船の中は色々な音がする。 エンジンの音や波の音、その他色々な機械類の音は慣れてしまうと結構子守唄のようで心地よい。 ただ気になるのはそれぞれの乗組員ガ使っている何百万という目覚まし時計の音! 乗組員はそれぞれ皆違う時間帯で仕事をしているため、みな起きる時間が別々なのである。 それで真夜中を過ぎると朝6時まで毎時間どこかでビービーという音がする。それぞれの時計は少しづつずれてるから数分に渡ってあちこちからビービー、ジージー、りんりん、とベルが鳴り響く。 なかにはアラームがなってもすぐ起きない人がいて何分もベルがなりつづけるので、「さっさとおきなさい!」と心の中で叫んでいるカカシ。

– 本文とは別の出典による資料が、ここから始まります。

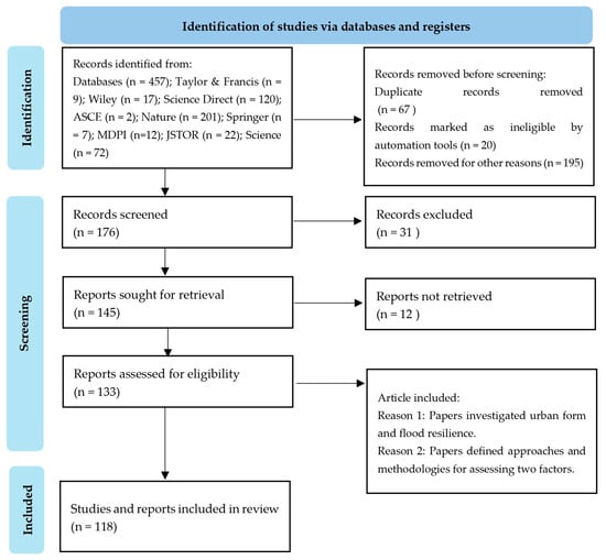 Despite the significance of urban forms, debates about the most influential urban form in FR have arisen [50]. Some studies have regarded the compact form as a symbol of modern urban planning; at the same time, recent discussions have focused on whether this form is ideal for FR. A compact urban form may expose many assets and lives to risk due to the higher concentration of runoff volume in a limited area. On the other hand, higher population densities and mixed land use can minimize urban sprawl, leaving more open space for runoff absorption [51]. Some scholars present several counterarguments that increasingly intense and unpredictable rainfall patterns can overwhelm even the most well-designed urban form strategies, making them less effective at flood reduction. Additionally, retrofitting cities and modifying urban forms to prioritize flood reduction may lead to sophisticated consequences, such as increased traffic congestion or reduced housing affordability. All previous discussions raised the necessity of assessing the trade-offs between urban form and FR in alignment with broader efforts in disaster risk reduction. Therefore, our main research question is: What are the critical urban form characteristics at different scales that enhance FR? And why have divergent opinions been raised about the effectiveness of urban forms on FR? Consequently, a systematic review was conducted using nine scientific database engines to find peer-reviewed articles and classify them using the PRISMA method. Studying this point is a critical research area with far-reaching implications, in addition to combining several disciplines (urban planning, environmental management, disaster risk reduction, etc.) that add scientific value to the disaster management field.

そしてもちろん6時になれば、起床の笛がスピーカーを通じて「ぴーひゃらら~!」と鳴り響く。 私は船に乗ってる間自分の時計の目覚ましなどつかったことがない。 これだけ周りにビービーいってちゃ、どれが自分の目覚ましなんだかわからなくなる。 セットするだけ無駄である。 自慢じゃないがこれでも私は寝坊は一度もしたことがない。
団体生活で一番苦痛と思われるのがプライバシーの欠如。 人によってはこれが全くだめらしいが、私はこれが全くきにならない。 同じ時間に10人以上の人間がトイレに行きシャワーを浴び歯を磨いているような生活で、プライバシーなど気にしていては生きていけない。 女の子といえどもゲップもすればおならもする。そんなこと気にして余裕はない。 もっとも私は船にのってる間はなるべく豆類は避けたけどね。

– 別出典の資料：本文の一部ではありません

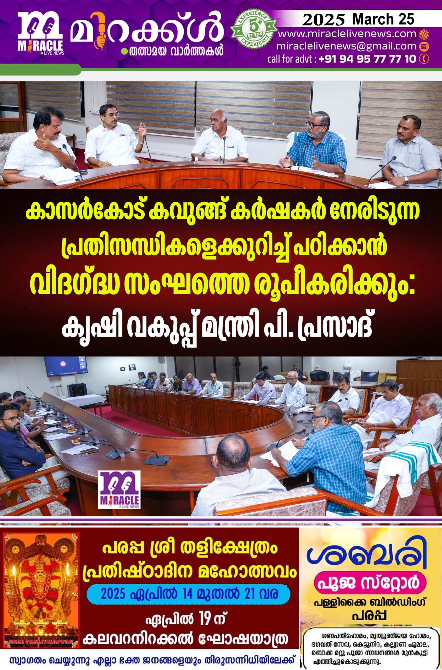 നിയമസഭാ കോണ്ഫെറന്സ് ഹാളില് ചേര്ന്ന യോഗത്തില് എം.എല്.എ.മാരായ ഇ. ചന്ദ്രശേഖരന്, എന്.എ. നെല്ലിക്കുന്ന്, സി.ഹെച്ച്. കുഞ്ഞമ്പു, എ.കെ.എം. അഷറഫ്, കാര്ഷിക വികസന കര്ഷക ക്ഷേമ വകുപ്പ് ഡയറക്ടര് ശ്രീറാം വിങ്കിട്ടരാമന് ഐ.എ.എസ്, കാഞ്ഞങ്ങാട് സബ് കളക്ടര് പ്രതീക് ജൈന് ഐ.എ.എസ്., കേന്ദ്ര തോട്ടവിള ഗവേഷണ കേന്ദ്രം പ്ലാന്റ് പ്രൊട്ടക്ഷന് മേധാവി ഡോ. വിനായക ഹെഗ്ഡെ, കേരള കാര്ഷിക സര്വകലാശാല ഡയറക്ടര് ഓഫ് എക്സ്റ്റന്ഷന് ഡോ. ജേക്കബ് ജോണ് തുടങ്ങിയവര്പങ്കെടുത്തു.
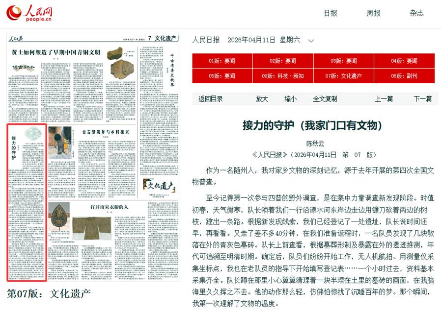 原载于《人民日报》2026年04月11日第7版 作为一名随州人,我对家乡文物的深刻记忆,源于去年开展的第四次全国文物普查。 至今记得第一次参与四普的野外调查,是在集中力量调查新发现阶段。时值初春,天气微寒,队长领着我们一行沿漂水河东岸边走边用镰刀砍着两边的树枝,蹚出一条路。根据新发现线索,我们已经登记了一处遗址,队长说时间还早,再看看。又走了差不多40分钟,在我们准备返程时,一名队员发现了几块散落在外的青灰色墓砖。队长上前查看,根据墓葬形制及暴露在外的遗迹推测,年代可追溯至明清时期。确定后,队员们纷纷开始工作,无人机航拍、用测量仪采集坐标点,我也在老队员的指导下开始填写登记表……一个小时过去,资料基本采集齐全。队长蹲在那里小心翼翼清理着一块半埋在土里的墓砖的画面,在我脑海里久久挥之不去。他的动作那么轻,仿佛怕惊扰了沉睡百年的梦。那个瞬间,我第一次理解了文物的温度。 当年5月,根据水利部门及何店镇文化站提供的信息,我们来到椒藤河村二组孙家畈,这里有一座上世纪70年代修建的渡槽。在登记相关信息时,旁边一位老大爷滔滔不绝地介绍着当年修建这座渡槽的故事,边说边感慨:“现在的生活是越来越好咯!”我一边填登记表,一边拿出手机翻看之前下发的培训资料——《第四次全国文物普查不可移动文物认定标准》,犹豫着问出了自己的疑惑:“队长,这个够得上认定标准吗?” “文物的价值在于它承载了特定时期的社会记忆,这座渡槽不仅仅是农业水利设施,更承载着集体化时期艰苦奋斗的精神内核,见证了新中国水利事业的发展历程,是几代人的记忆载体。”队长慢悠悠地回答道。 我突然明白,我们普查的不仅是文物,更是被具象化的时光。那些看似普通的“物件儿”,都是历史长河中的坐标点,标记着普通人的生活轨迹和时代变迁。 同年12月开展的补充调查和老城专项调查中,我们面临重重困难,比如产权私有的后续管理维护问题、老城保护与城市发展的矛盾问题……这个过程中的一件小事儿却让我“豁然开朗”。 在登记一户私有老宅时,户主不太情愿让我们进去,觉得“这老房子有啥看的”。我们没急着讲政策,而是和他聊起屋脊上的雕花、墙上的拴马桩……他渐渐打开话匣,跟我们讲起这座老宅的故事。最后,他主动推开大门:“你们量吧,是该留个念想。” 那一刻我明白了,文物保护的关键在于唤起“这是我的记忆”的认同感。法规是底线,但真正的守护,始于从自家老物件里,看见了自己的来路。 老城中曾经“辉煌”的工厂,如今静默在角落,如何让它们重获新生?我想起了去荆州洋码头学习考察时看到的令人振奋的尝试:在保留老厂房生产设备的基础上,打造江汉明珠工业成就展示馆;将原厂区空间改造成户外体育公园,增设足球场、篮球场;老建筑引入艺术工作室……文物利用的最高境界,或许就是这种“温柔的唤醒”——不打扰文物的历史叙事,只是为它注入当代生活气息。当孩子们在改造后的老厂房里奔跑,当年轻人在改建的工作室里办公,历史就不再是书本上的文字,而是可以触摸、感受、参与的生活场景。 四普不仅是清点家底,更是一次民族记忆的整理。那些被我们记录下来的古桥、老屋、遗址、墓葬等,共同构成了我们是谁、从何处来的答案。而如何对待它们,则体现了我们往何处去的思考。或许有一天,我们的工作也会成为这个时代如何对待历史的见证。我们记录文物,最终会发现,自己也成了这记录的一部分,每个时代的人们都在前人的基础上创造,又将成果传递给未来——这是接力的守护。 |
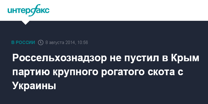 Москва. 8 августа. INTERFAX.RU - Россельхознадзор запретил ввоз партии крупного рогатого скота в Крым с Украины.
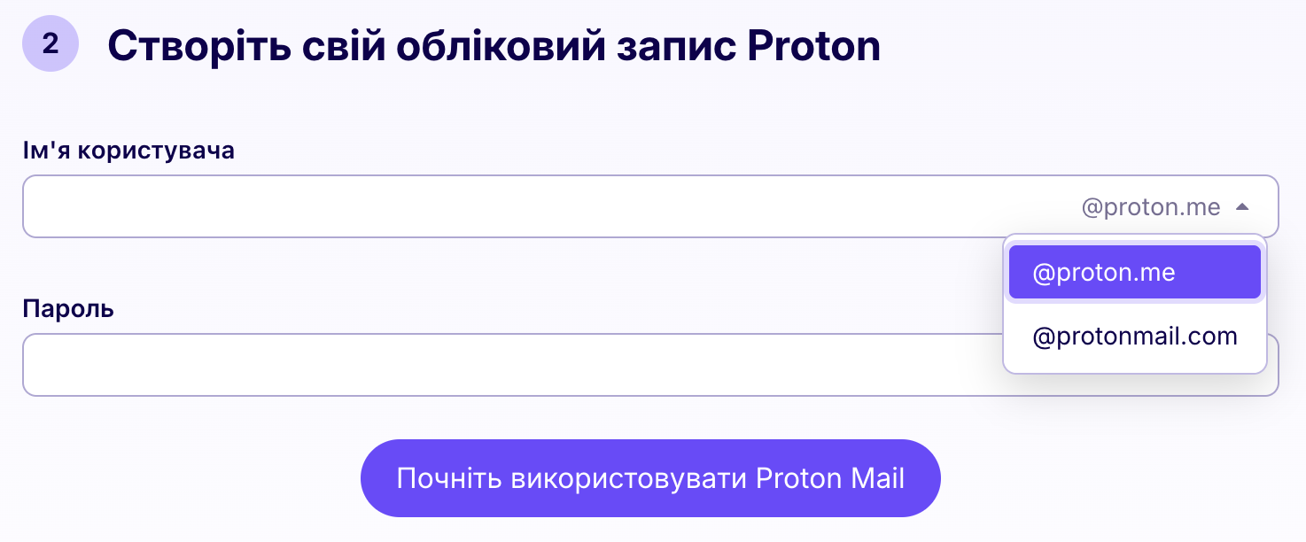 • 2. Proton пропонує вибір домену

棺おけベッドとあだ名される我々のベッドにも、一応カーテンはついているので、ベッドに寝そべってヘッドフォンをつけて閉じこもり、わずかなプライバシーを守る人もいるが、私はイスに座って本を読んでるだけで充分幸せ。 前回の航海ではダビンチコードを読んでしまったし、今回の航海ではトム・クランシーの分厚い二部作をすでに半分読んでしまった。
だからまあ航海も完全に無駄というわけではないのよね。